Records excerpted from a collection
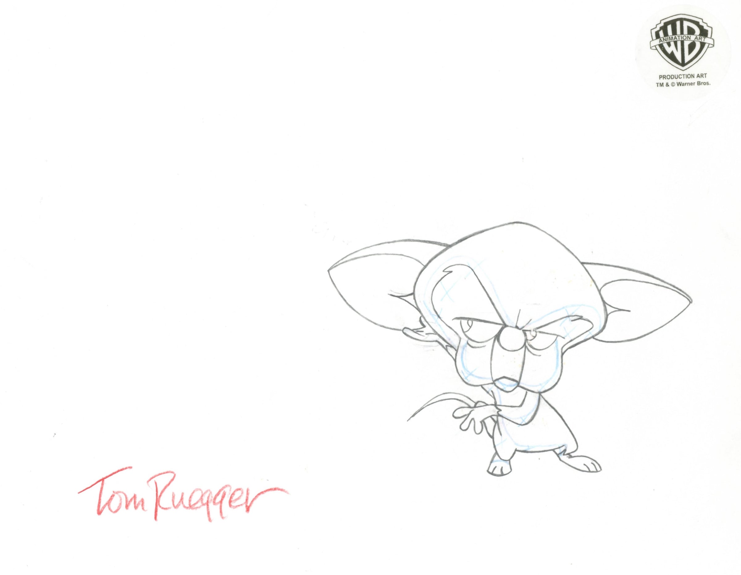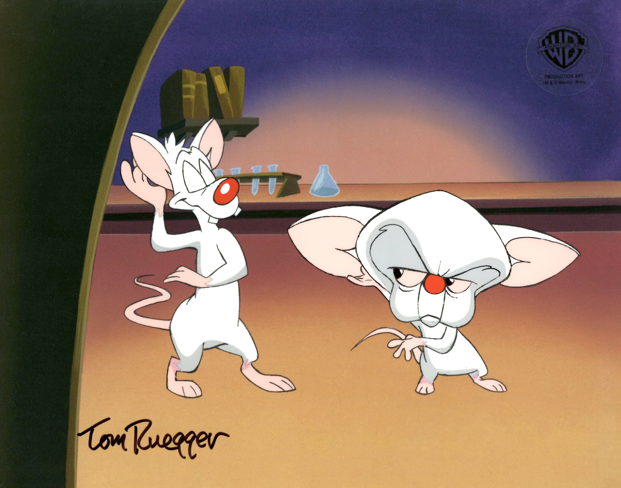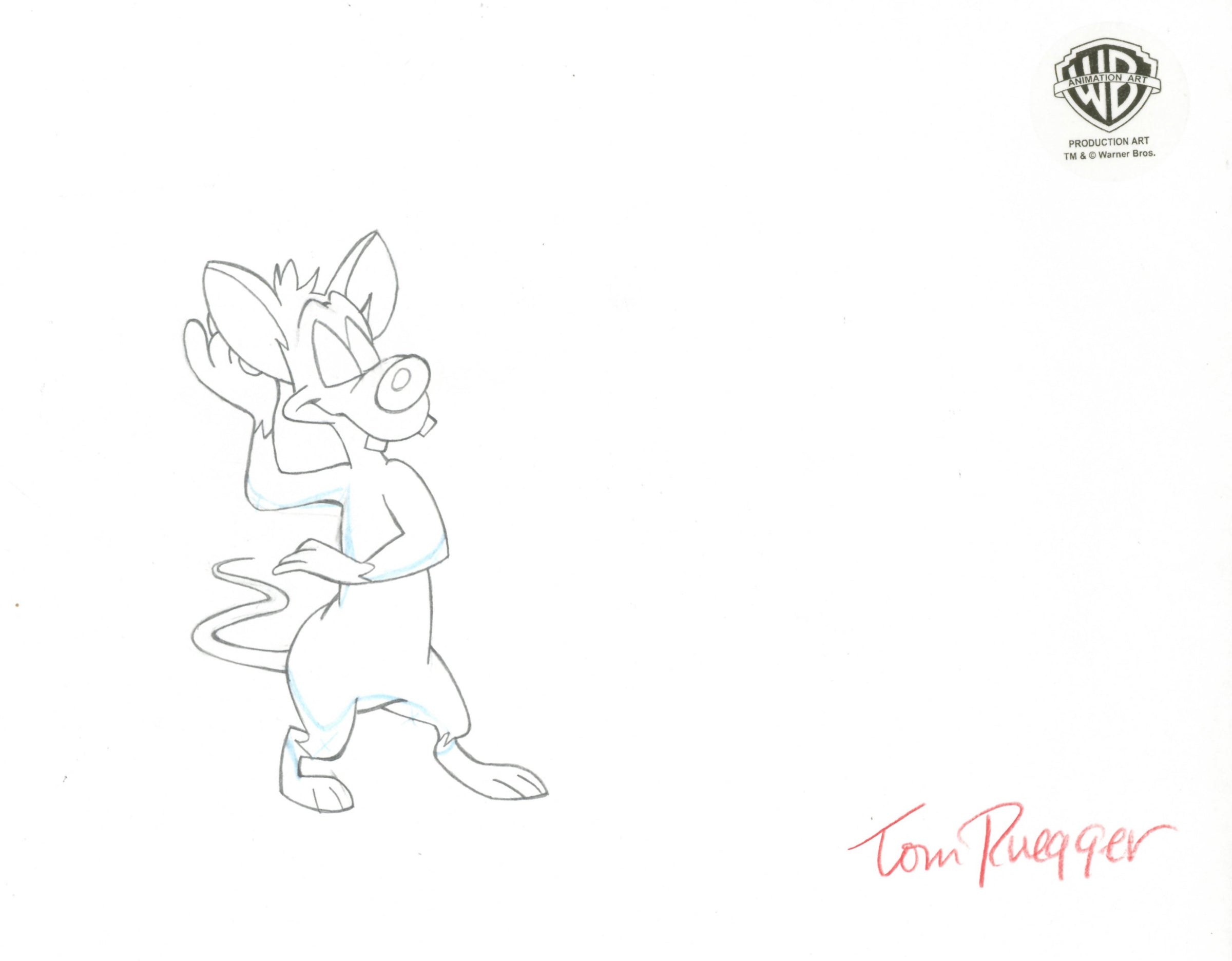 Pinky And The Brain Original Production Cel with Matching Drawings Signed by Tom Ruegger: Pinky and Brain
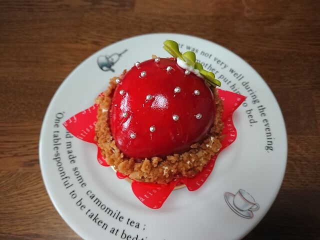 まっかな苺型ムースがタルトの上にのってます。
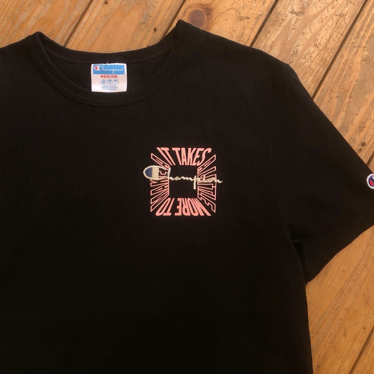 > USA古着 Champion チャンピオン Tシャツ メンズ Mサイズ ブラック 黒 刺繍 カジュアル 丸首 カットソー トップス おしゃれ T3090
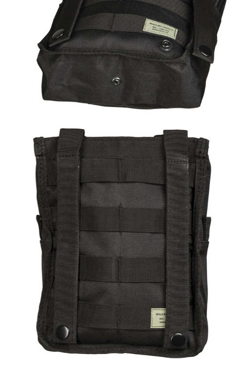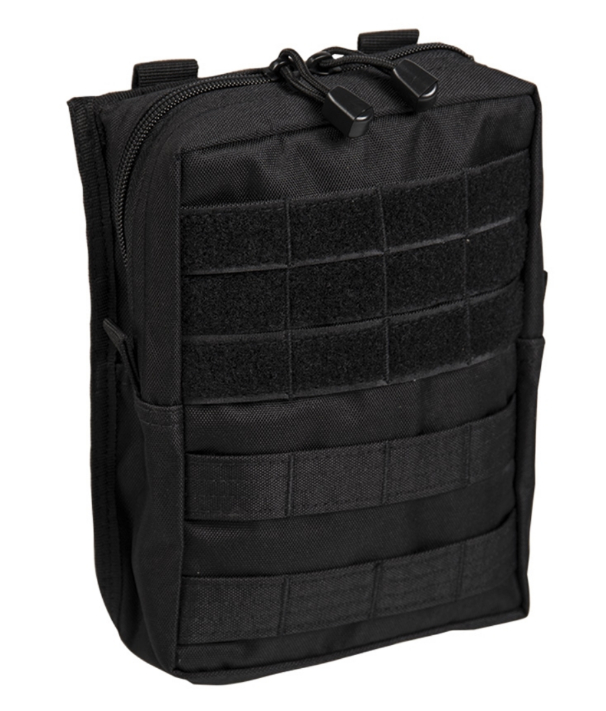 Borsetă verticală echipată cu sistem MOLLE. Închidere cu fermoar dublu sens. Include și un panou velcro pentru patch-uri.
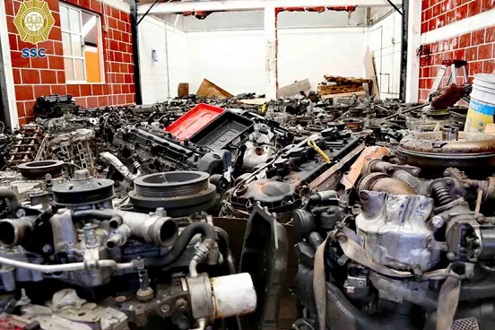 Los policías ubicaron el inmueble que, al parecer, servía como centro de almacenaje y distribución de autopartes posiblemente robadas, donde también se hallaron diversos motores alterados en sus medios de identificación, e ingresaron, junto con personal de la FGJ, sin uso de violencia
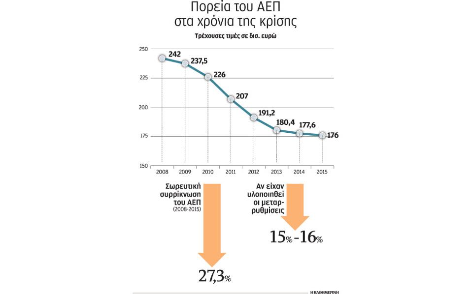 Se la Grecia ha applicato le riforme nel tempo, l'economia greca sarebbe "salvare" circa 18 miliardi di euro dal totale 66 mld di euro 'perso' PIL durante il periodo 2008-2015...
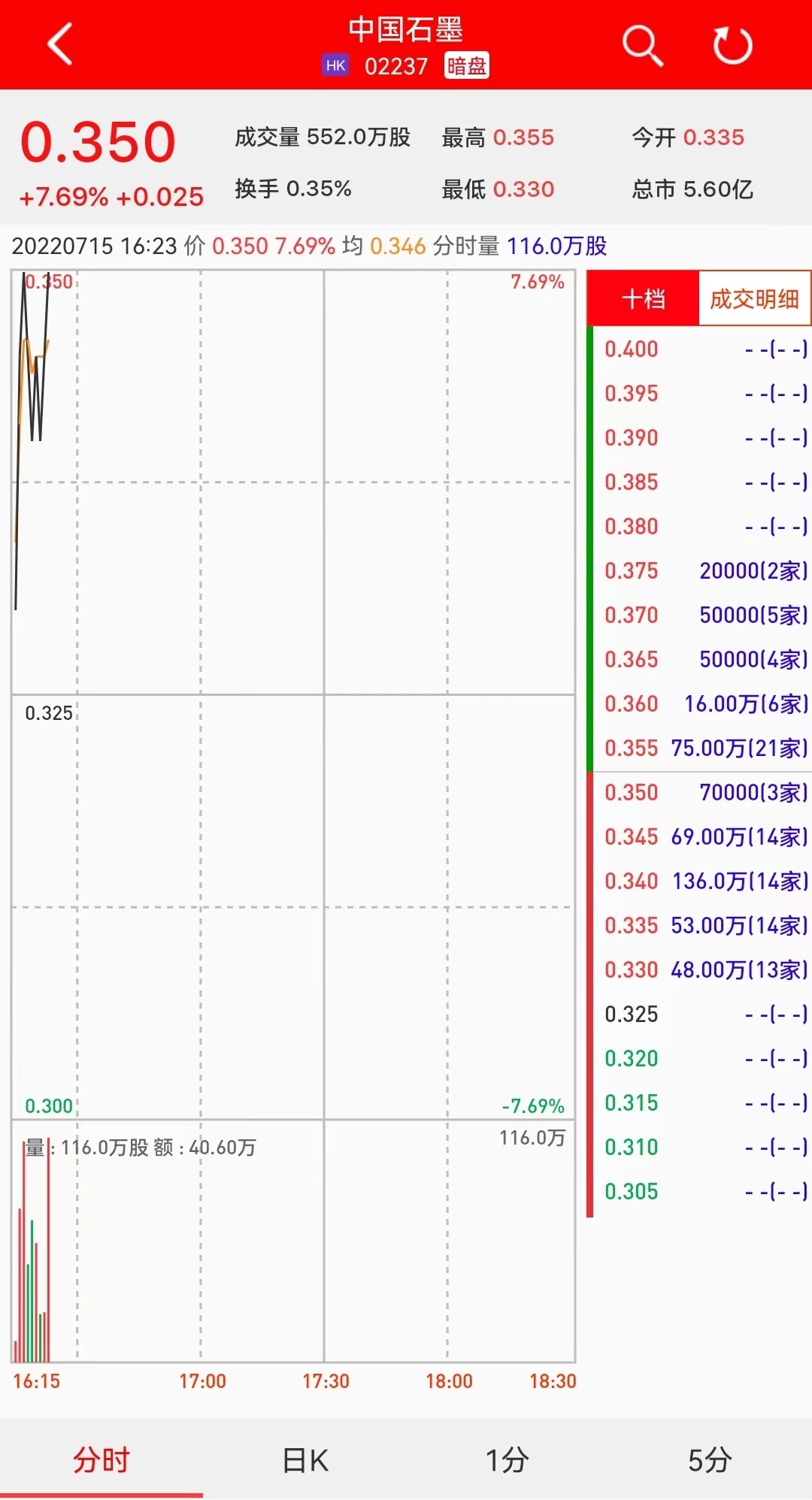 智通财经APP获悉,中国石墨(02237)将于7月18日(星期一)在香港挂牌。截至发稿,利弗莫尔证券暗盘交易显示报价0.350港元,较招股价0.325港元涨7.69%。每手10000股,不计手续费,每手赚250港元。
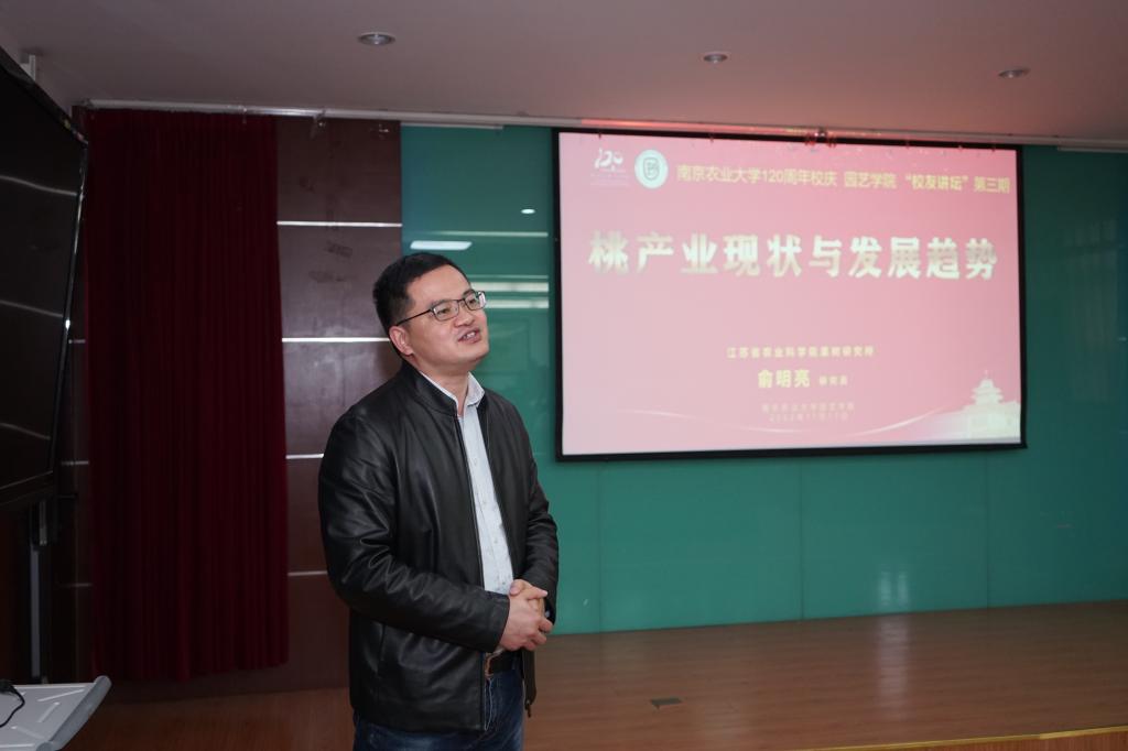 果树研究所俞明亮研究员作题为《桃产业现状与发展趋势》的专题报告。
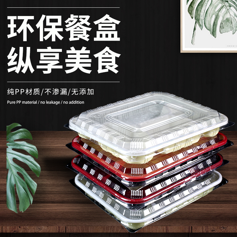 一次性快餐盒带盖三四五格外卖打包盒加厚便当盒长方形塑料套餐盘
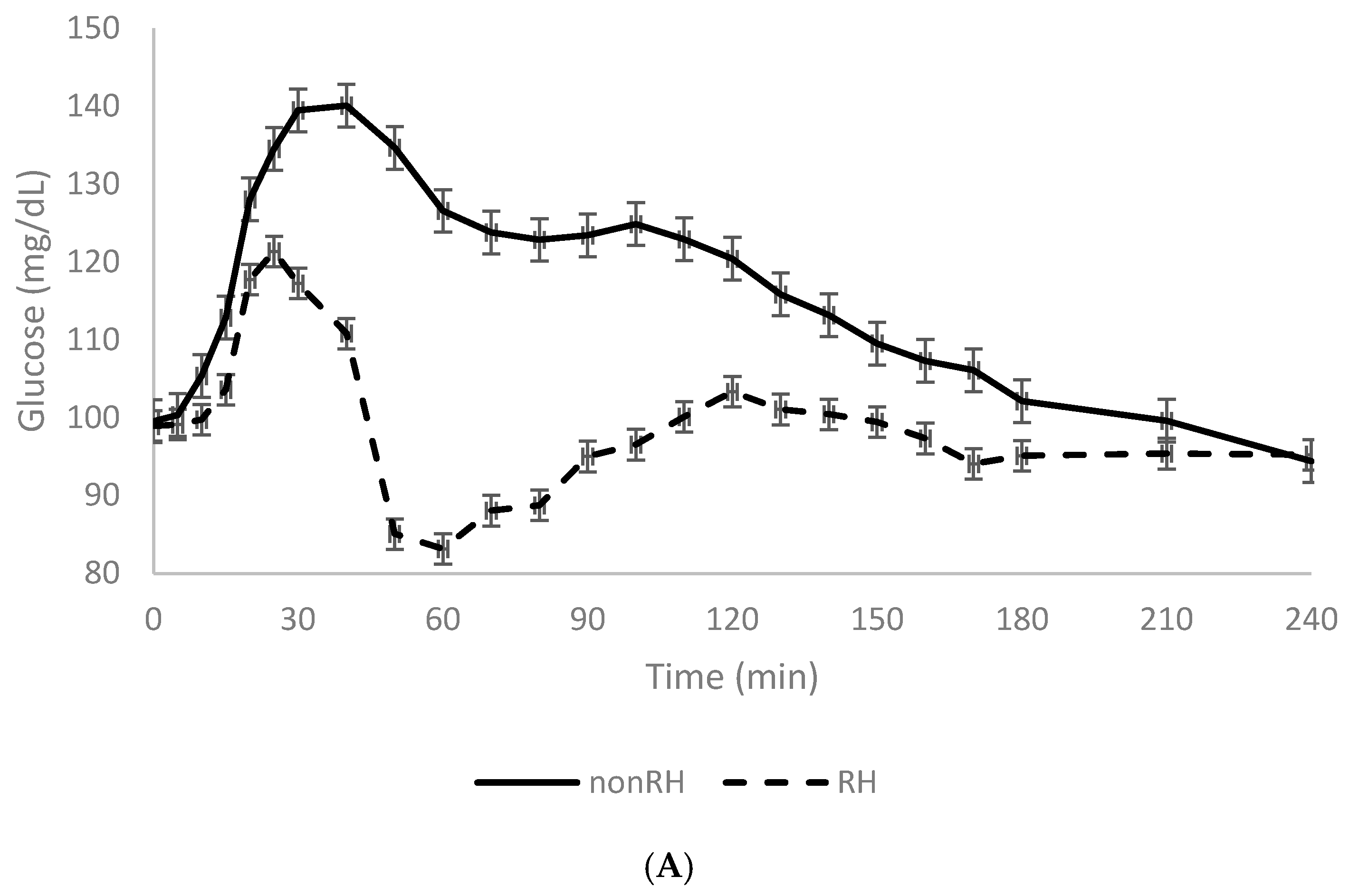 26]. In this study, we did not detect greater hunger in the RH vs. non-RH group, despite the RH group having lower glucose. However, our sample size in the RH group was small, which may have limited our ability to detect a between-group difference. Further research is needed to determine if there is a relationship between RH and hunger/fullness, and whether consuming meals lower in carbohydrates and higher in fat may mitigate the decline in glucose displayed by RH.

WHAT THE TASK REQUIRES
Type the entries above out again exactly, with no pictures.

COMPLETED EXERCISE
 Pinky And The Brain Original Production Cel with Matching Drawings Signed by Tom Ruegger: Pinky and Brain
 まっかな苺型ムースがタルトの上にのってます。
 > USA古着 Champion チャンピオン Tシャツ メンズ Mサイズ ブラック 黒 刺繍 カジュアル 丸首 カットソー トップス おしゃれ T3090
 Borsetă verticală echipată cu sistem MOLLE. Închidere cu fermoar dublu sens. Include și un panou velcro pentru patch-uri.
 Los policías ubicaron el inmueble que, al parecer, servía como centro de almacenaje y distribución de autopartes posiblemente robadas, donde también se hallaron diversos motores alterados en sus medios de identificación, e ingresaron, junto con personal de la FGJ, sin uso de violencia
 Se la Grecia ha applicato le riforme nel tempo, l'economia greca sarebbe "salvare" circa 18 miliardi di euro dal totale 66 mld di euro 'perso' PIL durante il periodo 2008-2015...
 智通财经APP获悉,中国石墨(02237)将于7月18日(星期一)在香港挂牌。截至发稿,利弗莫尔证券暗盘交易显示报价0.350港元,较招股价0.325港元涨7.69%。每手10000股,不计手续费,每手赚250港元。
 果树研究所俞明亮研究员作题为《桃产业现状与发展趋势》的专题报告。
 一次性快餐盒带盖三四五格外卖打包盒加厚便当盒长方形塑料套餐盘
 26]. In this study, we did not detect greater hunger in the RH vs. non-RH group, despite the RH group having lower glucose. However, our sample size in the RH group was small, which may have limited our ability to detect a between-group difference. Further research is needed to determine if there is a relationship between RH and hunger/fullness, and whether consuming meals lower in carbohydrates and higher in fat may mitigate the decline in glucose displayed by RH.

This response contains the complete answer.